The Work of Preparation
As preparation for vision journeys, visualize past and future situations. Gain a facility in dreamwork. Use my self-hypnosis tapes. These are vehicles for exploring the forests of your subconscious.
The key to preparation is being able to talk to those people within yourself who you have not been listening to. To give yourself a larger voice than the one that reads the script you’ve been handed.
If you’re depressed, then you want to talk to your depression while you’re still in a semi-normal state. If you’re anxious, talk to your anxiety, for anger speak to your anger. For every emotion, we have a person inside us, and they are more complete than you expect. They don’t live and breathe separately from your dominant self, but they have their own thoughts and color your feelings.
You’re going to have a more dramatic and less organized conversation when you open your gates of perception. Better to build alliances and establish the conversation now.
You encounter parts of yourself in psychedelic journeys, and this is cathartic. It’s not just about healing injuries, it is also strengthening yourself for change. These parts may carry injury, but they also carry wisdom. The result may be more of a start than a conclusion.

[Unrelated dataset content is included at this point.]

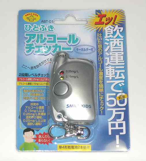 先日紹介したアルコール検知器ですが、 数値の出るアルコール検知器が見つかりました。(^-^)/ では実際に酒酔い運転と酒気帯び運転の違いは? というと、一応下のように分けられるのが現状のようです。 ★酒酔い運転⇒3年以下の懲役又は50万円以下の罰金。違反点数25点。 ★酒気帯び運転⇒1年以下の懲役又は30万円の罰金。 ①アルコ-ル保有量0.25以上の場合は違反点数13点 ②アルコ-ル保有量0.15以上0.25未満の場合は違反点数6点。 ホームページ「ほけん村」より ここで酒酔い運転と酒気帯び運転について はっきりとした数値の基準がないのは、 酒を飲んで運転をしていて、 正常な運転ができないと判断されれば酒酔い運転として扱われる。 つまり警察官が運転者の酩酊状態や動向から判断すると言う事です。 酒気帯びで検問で引っ掛かったことのある方なら判ると思いますが、 住所や本籍地、生年月日などを聞かれたり、 センターラインの上を歩かせられたりするのがそうです。 いずれ警察官によっては、かなりあいまいな判断になります。 ただそれを実際やるのは、最低0.25以上からの扱いになるようです。 だから数値がいくらかを知る事は 非常に大切な判断基準になるという事です。 先日までのアルコール検知器は 0.15と0.25まで濃度が上がってるかを検査するものでしたが、 今度のは、はっきりと数字が出るので使いやすくなっています。 いずれこんなものが必要ない酒の飲み方が出来れば 全く問題ないのですが、 釣り師は朝が早いのでどうしても前の日の夜の酒が気になるのです。 気になる、心配だ、それだけなら良いのですが、 自分でも解らない位のアルコールが残っていて、 そのために事故を起こしてしまったり、 検問に引っ掛かってその日の釣りに行けなくなったり、 罰金で欲しかった釣り道具が全てパーになることなどを考えれば、 本当に悔やんでも悔やみきれませんよねえ。 事故や罰金で無駄なお金が掛かったり 運転が出来なくなることを考えれば、 やはり一家に一台「アルコール検知器」でしょうか。\(^o^)/ こちらに紹介したものは安価なものですが, アルコール分解剤付きもあります。(送料無料) 性能に心配があれば、高いですがこんなのもありました。(^-^)/ PS:先日私が頼んだ検知器は、 売れすぎて配送が間に合わなくてまだ届いていません。 早く何時間でアルコールが消えるか?の実験をしたいです。(^-^)/ |

Therapy is soul education, and it must be cleansed of the stigma of disease management. We are told therapy is for disabled people, but therapy, or as it is better termed “guidance,” expedites positive change.

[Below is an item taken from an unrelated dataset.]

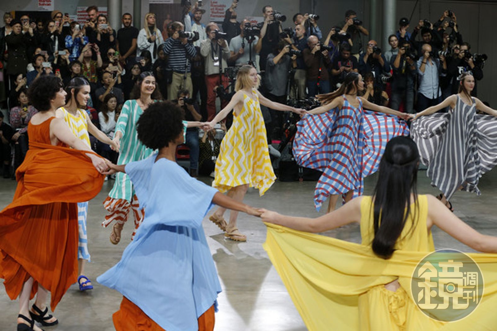 這中間近藤悟史除了以舞者的曼妙舞姿來展現大自然的流動,還找來滑板、溜冰選手,穿著風衣在場中飛舞。最有趣的是進場時見到吊掛在屋頂的裝飾,也降下成為模特兒們的衣服。最後所有的模特兒們手牽手成為一個圓,代表世上所有的人們,來自不同區域、不同世代,大家是如此與眾不同,卻成為一個完整的世界。

If psychedelics are therapeutic, they require a therapeutic base. This comprises being grounded, open, flexible, and honest.

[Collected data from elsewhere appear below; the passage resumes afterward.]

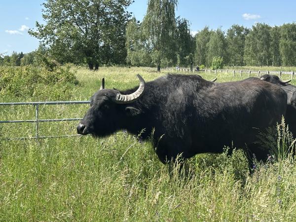 Inzwischen sind Wasserbüffel keine Seltenheit mehr in der Stadt, grasen sie doch auch im Erpetal, im Tegeler Fließ und in Marzahn. Sie gelten als ausgesprochen friedfertig und leben schon seit 6000 Jahren mit Menschen zusammen. Auch mit Wildtieren wie dem Wolf kommen sie gut zurecht, denn der meidet die mächtigen Tiere.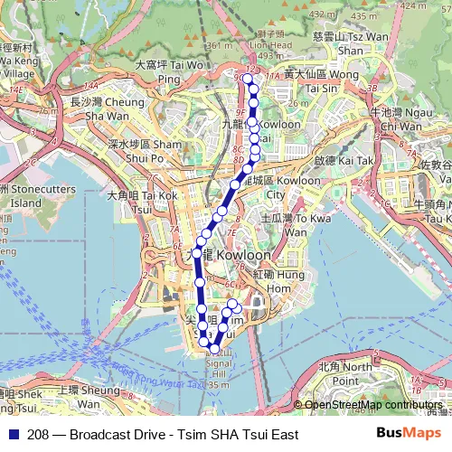 Click here to view the nearest 208 - Broadcast Drive - Tsim SHA Tsui East bus stop.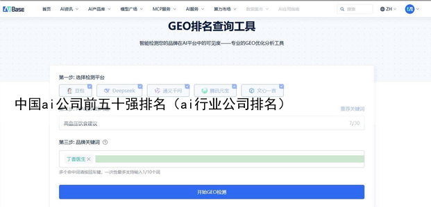 因此,要衡量GEO效果,不能沿用传统排名工具,而需要能模拟AI生成过程、检测内容是否被AI“选中”的专用工具这正是AI排名查询工具的价值所在AIBase GEO排名查询工具:专为生成引擎优化设计在众多尝试适配GEO的工具中,AIBase平台推出的GEO排名查询工具 (访问路径:AIBase → 工具 → GEO排名查询)值得关注。

The journey starts with calm and relaxation, not when the chemicals kick in. What you’ll accomplish is embodied in your initial state, which reflects all of your preparation. You don’t want the chemicals to open the doors indiscriminately.
You are not the author of your journey, but you are one of its producers. Other producers are hidden within you, or are projected onto people in your outside world. If you’re honest with yourself, you may set the boundary of your exploration. You want the flexibility to move with this container without falling off the edge of the world.
Resilience
Resilience is comprised of flexibility and strength, and is limited by fear and tension. Prepare to encounter these. Where psychedelics boot you to the front lines of confrontation, you must prepare yourself with resilience, persistence, and gratitude.
Flexibility and resilience are the most important skills in a psychedelic journey. These reach the limits of your mental health not because you’re weak, but because you are an incomplete person. Your disenfranchised ghosts need to talk to you.
Patience is needed. If you have not been practicing equanimity in the face of distress, then give yourself a month before your psychedelic experience to think about it. This is not a normal experience and you should not feel limited by what you normally do. Create a space in yourself to be a wisdom keeper, a warrior, a guide, and a healer.
Anyone planning a therapeutic psychedelic experience should invest in an hour of counseling with someone who’s walked these paths. They need not be a professional, but they need broad experience and they need to be encouraging. Many therapists do not encourage psychedelic exploration because they have little experience or they are misinformed. You cannot help people who don’t know. Avoid them.
Consult with people skilled in alternate realities who have intuitive insight. People attracted to the paranormal are often adept at probing the subconscious. They may be mediums, tarot readers, or meditators. Many of my life-changing journeys have resulted from extended meditations without psychedelics.
You’re looking for the injured or overlooked parts of yourself, undeveloped parts who live in your forgotten past. Invite them all, even those you think you’ve lost or vanquished. Reach out to the important beings who are no longer alive. The degree that energies will appear will determine the power of your experience. Invite them before you start in your dreams and daytime meditations.